**TASK BRIEF**
In the material below, find the line containing "David LIČEN Mesto" and the line containing "شکل ۲- بازدید سفیر ایتالیا از دانشگاه تهران". Output those two lines and all lines between them exactly, without pictures.

**EXTRACTED DATA**
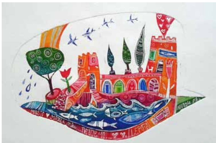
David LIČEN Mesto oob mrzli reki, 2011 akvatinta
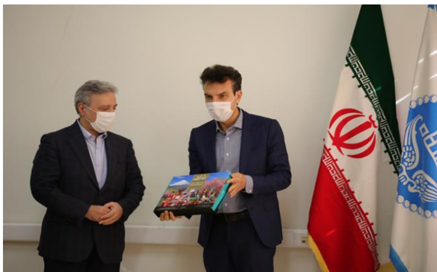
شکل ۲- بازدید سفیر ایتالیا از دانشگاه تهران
---
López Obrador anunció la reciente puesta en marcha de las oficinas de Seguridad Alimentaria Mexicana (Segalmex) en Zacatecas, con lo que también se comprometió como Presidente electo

**OUTPUT FOR THIS TASK**
David LIČEN Mesto oob mrzli reki, 2011 akvatinta
شکل ۲- بازدید سفیر ایتالیا از دانشگاه تهران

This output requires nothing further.